KAPALUA, Hawaii (AP) -- Thanks to an early start on his 2009 goals, Zach Johnson begins his season earlier than expected.
The former Masters champion had no reason to believe he would be part of the field at the winners-only Mercedes-Benz Championship. He was having his worst season in his five years on the PGA Tour, not even making it to the second stage of the playoffs and in danger of finishing out of the top 125 on the money list.
But with extra time off, he decided to meet with his team to set goals for the new season.
"I had six weeks off to retool and revamp and re-polish, and that's when I sat down and said, 'What are we going to do next year?' The fundamental changes, mental changes, let's do that now and play four out of the last five, which is exactly what I did."
One of those events was the Valero Texas Open, where Johnson went 62-64 on the weekend for a two-shot victory, which allowed him to book a flight to Hawaii.
"I'm encouraged," Johnson said. "I thought the end of last year, my game was really, really good."
He couldn't suppress a smile as he though about meeting with his support group, and it became apparent that this wasn't a time for everyone to share hugs and pat each other on the back. Johnson said his team is opinionated and passionate, which can lead to some heated discussions and frank opinions.
"It's two or three days where we just go out and putt and chip and butt heads and eat a lot," he said.

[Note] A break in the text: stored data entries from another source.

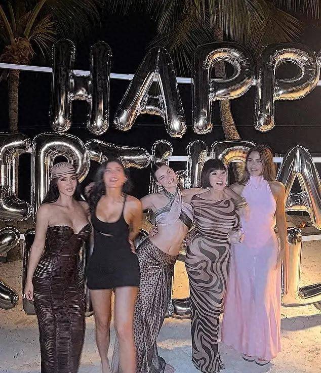 除了平时很少露面的大姐考特尼之外,卡戴珊家族的姐妹们都到齐了,在那巨大“Happy Birthday Kendall”的银色气球前,大家一起合影留念,气氛热烈又温馨。
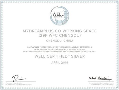 梦想加空间成都领地环金29层获得WELL银级认证
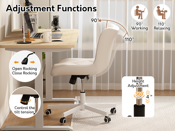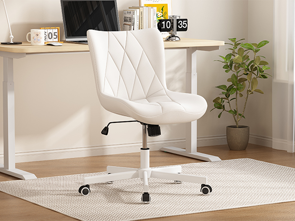 - Ninecer Adjustable Armless Office Chair, Leather Desk Chair with Wheels, Office Chair for Home Office, Computer Rolling Chair for Adults, Comfy Task Chair, White
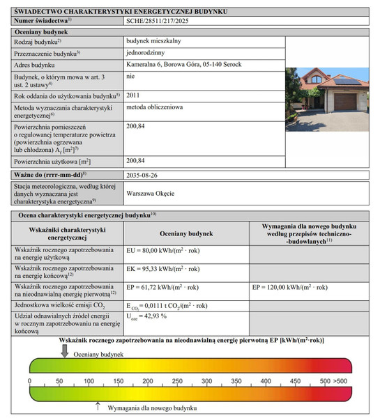 • Świadectwo Energetyczne SCHE/****/***/2025 A+
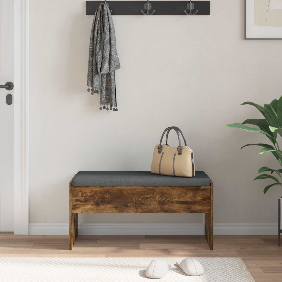 This Modern Hall Bench blends style and function, offering a sleek, rectangular shape that enhances any hallway or entryway. Its clean lines and minimalist design channel a contemporary aesthetic, making it ideal for those who appreciate simplicity and functionality in their home decor. Whether it's an entryway or a hallway, this bench provides seating and visual appeal, inviting family and guests to relax in a warm, comfortable space. Materials: The bench is crafted using engineered wood that provides both stability and a visually appealing wood grain. Its construction ensures longevity, making it a reliable addition to any home. The sleek wood surface highlights the bench's modern design, offering both resilience and an attractive finish. Soft Cushion: Equipped with a bench cushion that spans across the seating area, this bench invites users with its soft and comfortable cushioning. The fabric used adds an inviting texture, turning any waiting or resting experience into utter comfort, suitable for everyday use. Durable Construction: Designed with a long-lasting build, this bench ensures steadfast support for users. With square legs made from engineered wood, it promises a sturdy base, making it an optimal choice for a robust, yet sophisticated piece of furniture. Simplicity &Functionality: Embracing a modern style characterized by clean lines and minimal ornamentation, this bench offers a functional design that integrates smoothly into contemporary homes. It's the perfect piece for those valuing efficient space utilization without compromising style. Care &Maintenance: Maintenance is a breeze; simply wipe with a damp cloth to keep it looking pristine. No complex cleaning is necessary, ensuring the bench remains an elegant fixture in your home with minimal effort.

The meeting of minds took place at Sea Island, and there was a reason for that. During the offseason, Johnson decided to move from Orlando, Fla., to St. Simons Island, Ga., joining a tour group that includes__ Davis Love III, Brandt Snedeker and Jonathan Byrd__. Plus, swing coach Morris Pickens lives there.

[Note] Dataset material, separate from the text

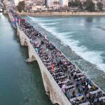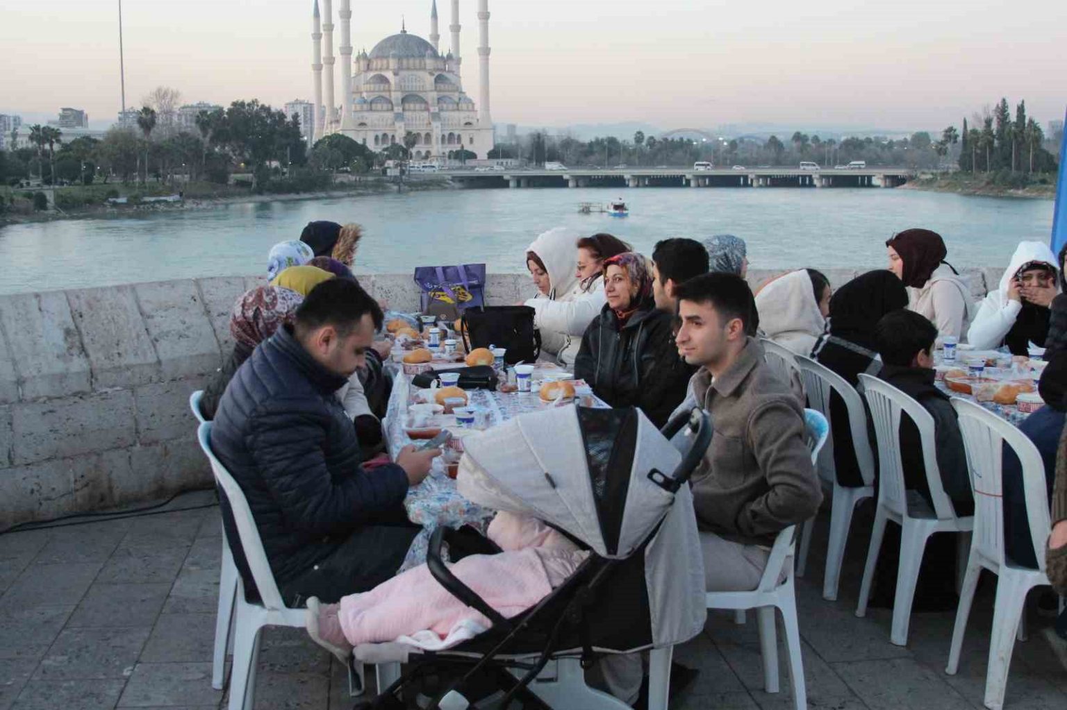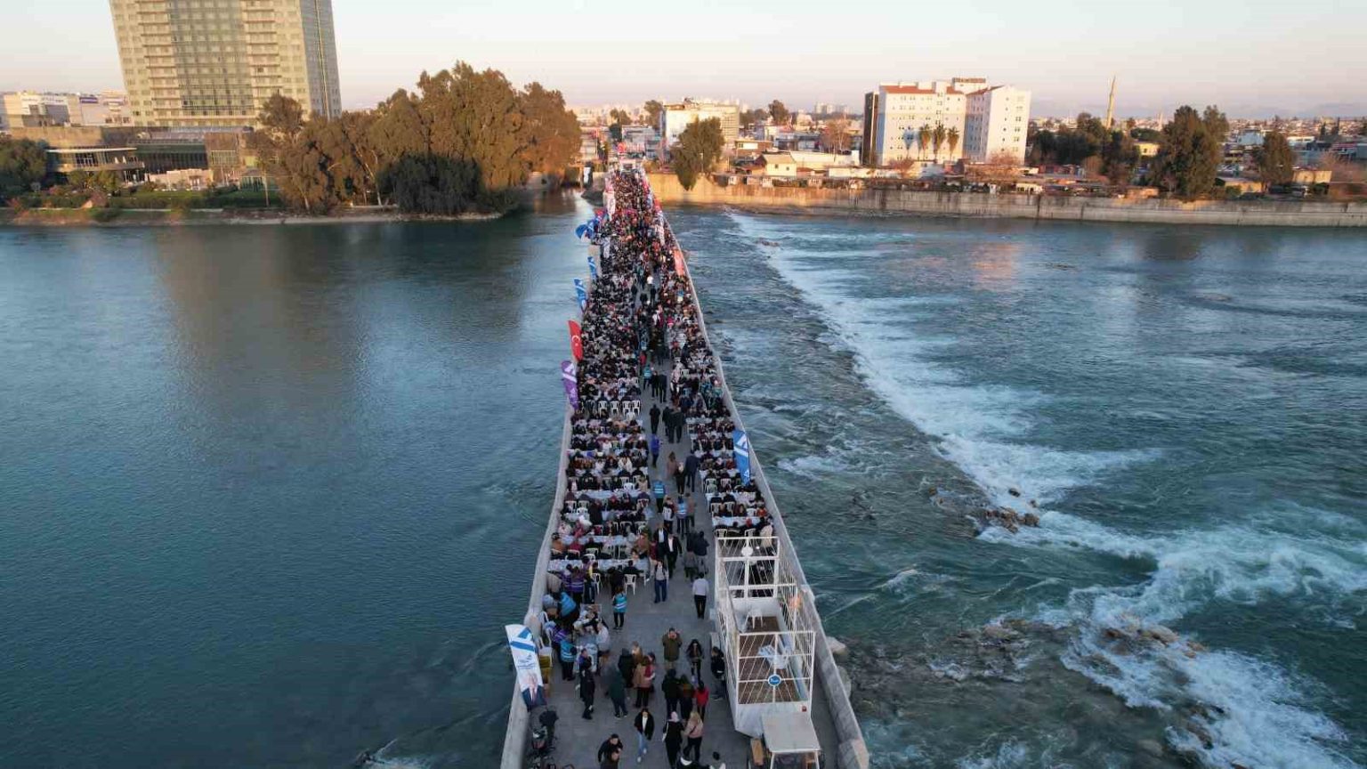 Adana’da Ramazan ayı dolayısıyla Yüreğir Belediyesi tarafından tarihi Taşköprü’de halk iftarı düzenlendi. Tarihi dokusuyla kentin simgelerinden olan Taşköprü üzerinde kurulan uzun sofralarda yüzlerce Adanalı aynı anda orucunu açtı.
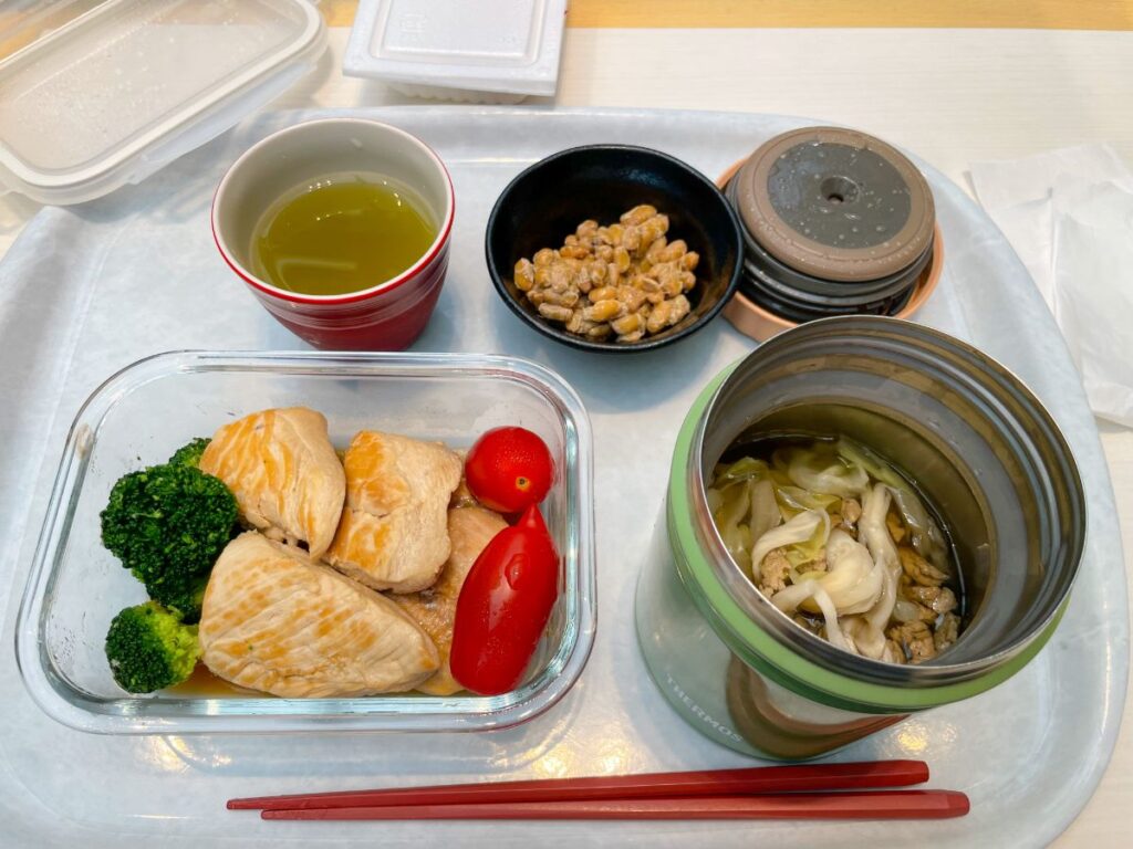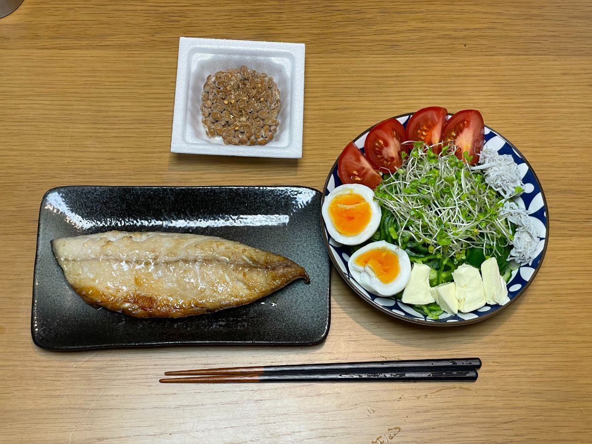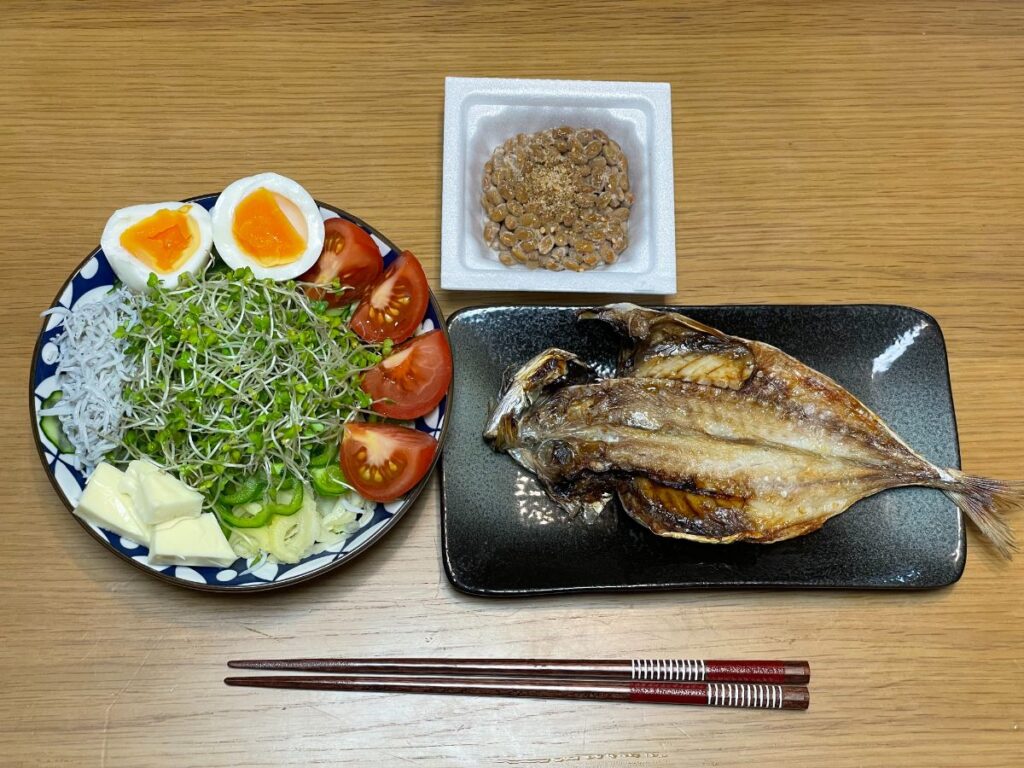 8:45 プロテインスムージー、サラダ、ゆで卵、納豆、鯵ひらき

I wanted to get better practice facilities, that was one thing," Johnson said. "We had the friends established and we wanted the small-town feel. The key factor was moving closer to my in-laws, and hopefully, my family gets bigger."
Johnson's wife is from Jacksonville.
SINGH OUT: Vijay Singh's most recent victory at the Chevron World Challenge wasn't all good news. Turns out the big Fijian injured his right knee at Sherwood, which will require surgery after the Mercedes-Benz Championship.

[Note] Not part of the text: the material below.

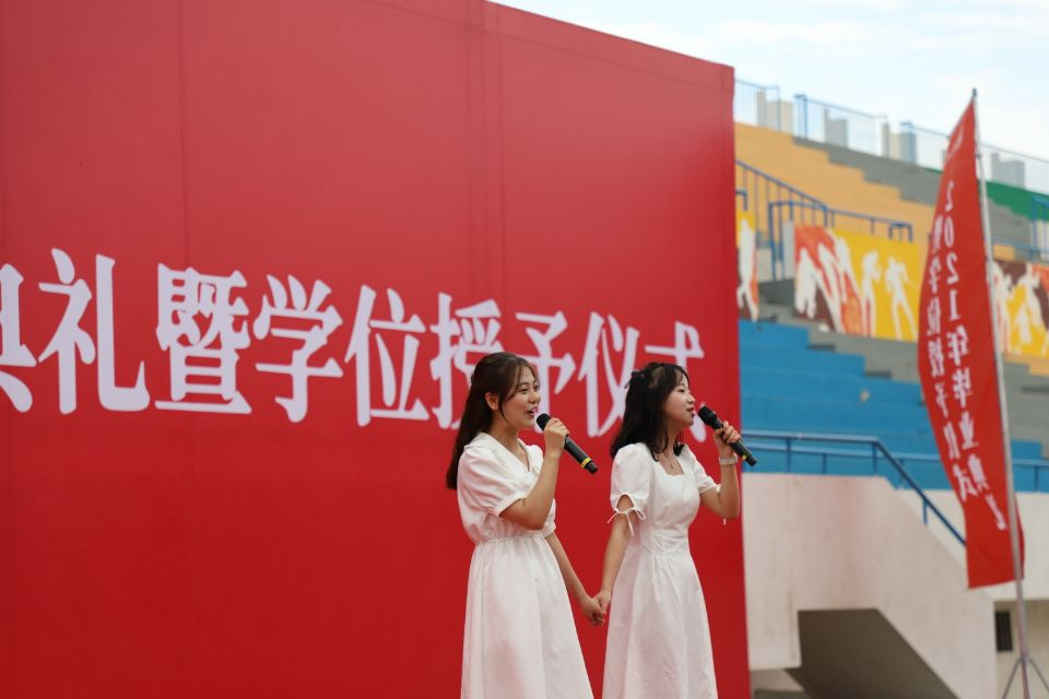 典礼上,为送别2021届毕业生,2020级焦春雯、郭娅娅带领毕业生共唱歌曲《归来仍是少年》、《岁月神偷》等毕业歌曲,表达对母校精心培养的感谢,对恩师谆谆教导的感谢,对同学四年朝夕相伴的感谢。最后大家齐唱《我和我的祖国》2021年毕业典礼暨学位授予仪式在热烈的气氛中圆满落下帷幕。
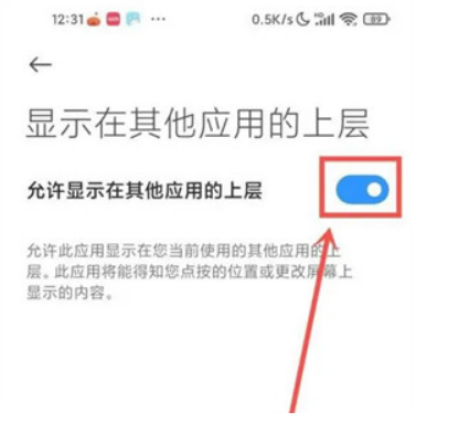打开【允许显示在其他应用上层】的开关,完成设置。

Singh said he sustained a slight tear of the meniscus in his right knee, which keeps him from squatting. He has withdrawn from the Sony Open next week in Honolulu to have surgery and take care of it while the season is still young.
He hopes to return in time for the AT&T Pebble Beach National Pro-Am on Feb. 12.
SCOTT'S KNEE: Adam Scott won't be starting the year at full strength.
Scott dislocated his right knee cap -- for the sixth time dating to high school -- while running out of the water at an Australian beach last month. It kept him from playing the Australian Open, and Scott still isn't sure how it will respond late in the round when he starts to tire.
"Obviously, good enough to be here," Scott said of his knee. "Unfortunately, this course is quite a tough walk, so that's going to be the test for me here."
Scott said he has "hyper-mobile" knee caps, and he has dislocated the right one so many times that it is loose. Asked about surgery, Scott said six doctors have recommended six procedures, none the same. He said it doesn't affect his golf swing, and he would rather not risk changing something in his right leg that could mess with his swing.
He said he would reduce his travel this year, and cut back on some activities such as tennis and snow skiing, and any other sport that involves running. But not surfing.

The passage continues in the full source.